Во время своего рассказа Ларс постепенно все ниже наклонялся над столом.

Он выпрямился, как будто вытаскивая себя из прошлого, и сказал:

– Он меня ненавидит. Он меня обворовывает. И это всего лишь восстановление справедливости. Я это заслужил. Я обманул его доверие. Как будто бы все, что было между нами, было понарошку и больше не имело ценности после того, как его мама умерла. Это мой большой грех, и я никогда от него не освобожусь. Уже поздно.

Сцена, в которой я участвовал, когда Томас сидел у меня на коленях, еще больше прояснилась. Я не хотел признаваться, что подсмотрел тогда секреты Ларса, поэтому просто спросил:

– А это там в ванне? В душевой?

Ларс сделал такой большой глоток, что его бокал опустел почти наполовину. Повернулся лицом к улице Свеавэген за окном и стал следить взглядом за сменяющимися там движениями. Я потихоньку отодвинул от него бокал на десяток сантиметров, чтобы он не попадал к нему в поле зрения и он не соблазнился выпить еще. Хотел, чтобы он еще немного посидел. Когда Ларс ответил, он по-прежнему смотрел в сторону окна, как будто держал речь, обращенную к прохожим.

– То, что там в душевой, позволяет мне притворяться. Что я могу освободиться. Что возможность есть. Что по-прежнему жива… любовь. Я на мгновение в это верю, потому что вижу это. Потому что мне это показывают.

Ларс оторвался от окна и потрогал пятно стеарина на столе. Пару раз открыл и закрыл рот, как будто был не уверен, как произнести следующие фразы.

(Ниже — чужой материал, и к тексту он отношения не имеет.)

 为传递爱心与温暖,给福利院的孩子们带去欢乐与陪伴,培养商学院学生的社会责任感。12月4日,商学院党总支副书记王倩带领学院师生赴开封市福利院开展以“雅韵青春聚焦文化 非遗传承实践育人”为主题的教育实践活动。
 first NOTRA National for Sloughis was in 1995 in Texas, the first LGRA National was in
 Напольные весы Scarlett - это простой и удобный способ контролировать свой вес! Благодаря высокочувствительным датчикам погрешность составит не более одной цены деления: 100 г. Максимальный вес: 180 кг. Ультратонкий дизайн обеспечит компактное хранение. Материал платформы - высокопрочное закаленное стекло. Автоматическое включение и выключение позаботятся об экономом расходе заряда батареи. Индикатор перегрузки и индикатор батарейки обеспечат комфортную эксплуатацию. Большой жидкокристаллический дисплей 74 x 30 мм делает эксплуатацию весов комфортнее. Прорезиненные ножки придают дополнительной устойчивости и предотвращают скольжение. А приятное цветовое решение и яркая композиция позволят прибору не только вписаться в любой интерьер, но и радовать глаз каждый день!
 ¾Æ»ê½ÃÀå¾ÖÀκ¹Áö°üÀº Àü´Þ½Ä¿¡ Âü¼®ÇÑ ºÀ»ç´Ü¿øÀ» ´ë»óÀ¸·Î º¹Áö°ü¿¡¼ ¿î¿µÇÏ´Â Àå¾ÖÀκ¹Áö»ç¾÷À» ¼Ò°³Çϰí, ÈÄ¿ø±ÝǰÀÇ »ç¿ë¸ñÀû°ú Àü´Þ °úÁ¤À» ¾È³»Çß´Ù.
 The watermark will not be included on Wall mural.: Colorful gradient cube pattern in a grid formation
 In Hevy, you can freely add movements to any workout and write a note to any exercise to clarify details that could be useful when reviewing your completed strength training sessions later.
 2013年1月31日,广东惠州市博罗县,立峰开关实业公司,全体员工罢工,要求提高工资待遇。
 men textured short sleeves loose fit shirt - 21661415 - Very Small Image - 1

– У меня было мгновение, – сказал Ларс. – Или минуты. Томасу должно исполниться девять. Мы с Марианной стоим за дверью его спальни с тортом, свечами и подарками. Мы волнуемся, понравится ли Томасу большой рыцарский замок из лего. Целуемся. В глазах у Марианны отражаются свечи на торте. Открываем дверь к Томасу. Поем поздравление. Он выпрыгивает из постели, весь в ожидании. Старается не торопиться, открывая большую упаковку, хотя видно, что он хотел бы просто быстро разорвать бумагу. Рыцарский замок приводит его в восторг. Он прижимает нас с Марианной к себе, и мы обнимаемся все втроем. Он приятно пахнет, как только что проснувшийся ребенок, и его распирает от счастья. Мы решаем, что будем строить замок вместе, все трое.

Пока Ларс говорил, не отрывая взгляда от пятна стеарина, у него по щекам потекли слезы, он беззвучно плакал. Смахнул слезы и сказал:

– Это были лучшие минуты моей жизни. Из-за этого я и решился. То, что там в ванне, позволяет мне возвращаться туда снова и снова. Я нахожусь там. Полностью. Я проживаю эти минуты. Каждый раз все глубже. Я почти там.

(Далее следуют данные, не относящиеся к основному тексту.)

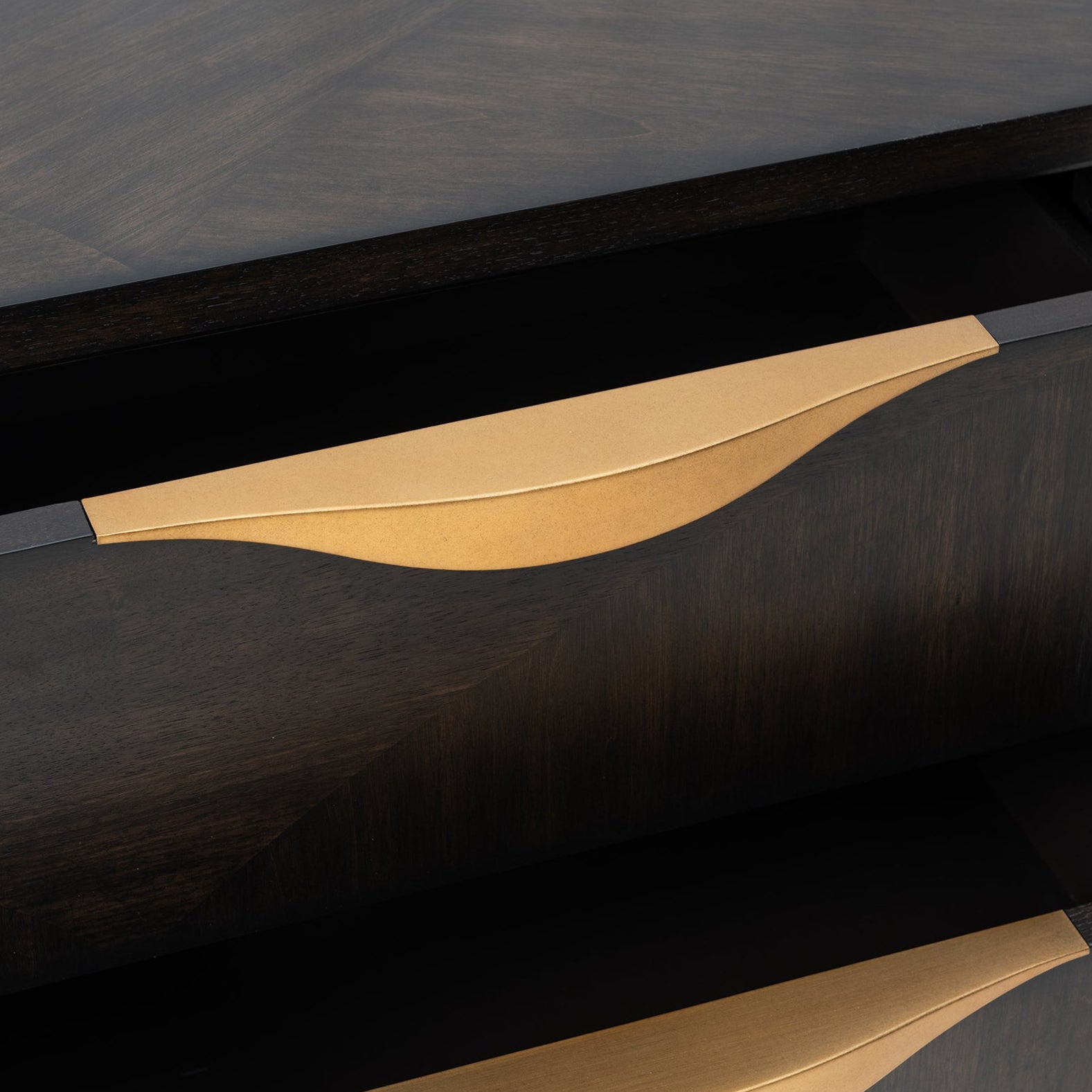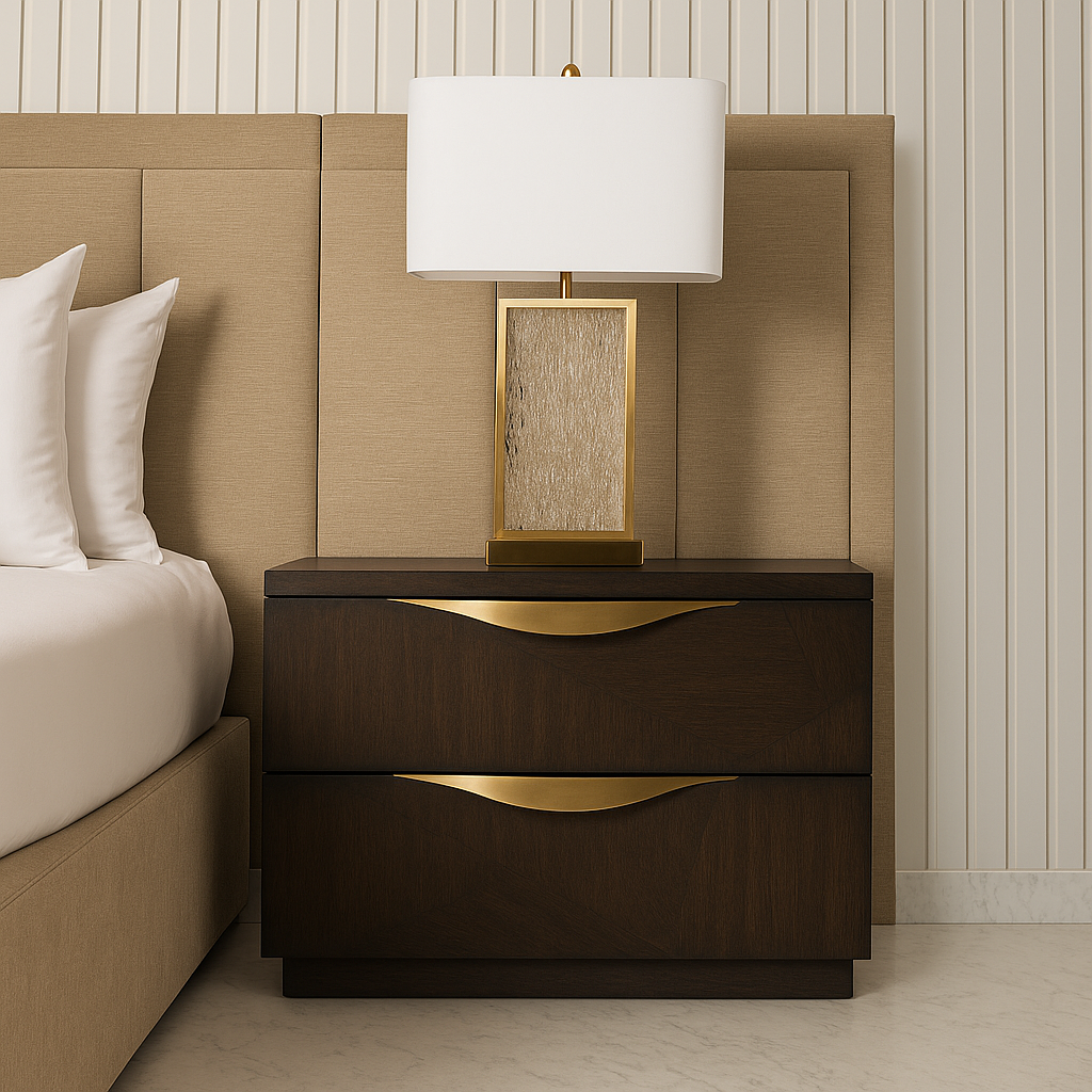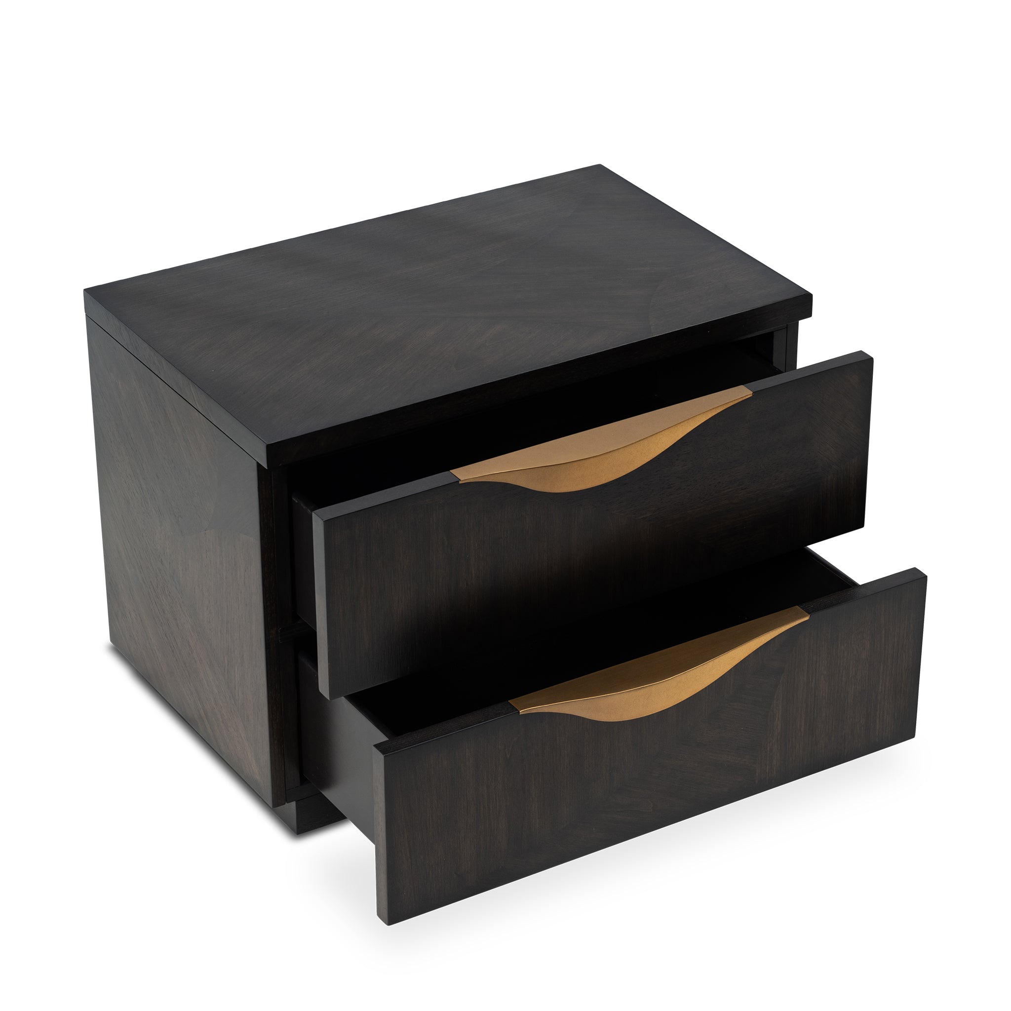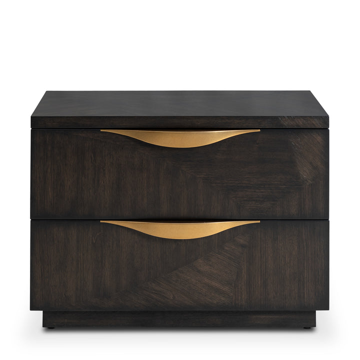 Crafted in dark walnut veneer with art nouveau marquetry, this nightstand offers a balance of function and style. Antique brass pulls bring a touch of contrast against the rich wood finish. Designed to mirror the vallery left element, it completes the look with symmetry and sophistication.

Внезапно Ларс поднял глаза и встретился со мной взглядом. В его глазах отражалось что-то вроде безумия, когда он посмотрел мне прямо в глаза и произнес более отчетливо:

– Я почти там.

Мы сидели и смотрели друг на друга, и я не знал, что сказать. Потом Ларс согнулся и поискал взглядом на столе бокал с виски. Нашел и выпил. Когда снова обратил внимание на меня, его взгляд уже был затуманен. Он спросил:

– А ты? Чего тебе не хватает?

Я был навеселе, когда вернулся домой после еще одного пива, за которое заплатил Ларс. Розовый куст сбросил много листьев. Чего мне не хватало? Пока я собирал листья и выбрасывал их в корзину для бумаг, я думал, что, несмотря ни на что, нас с Ларсом мучит одно и то же. Нехватка, отсутствие в жизни чего-то фундаментального. Просто то, чего не хватало Ларсу, было намного более конкретным.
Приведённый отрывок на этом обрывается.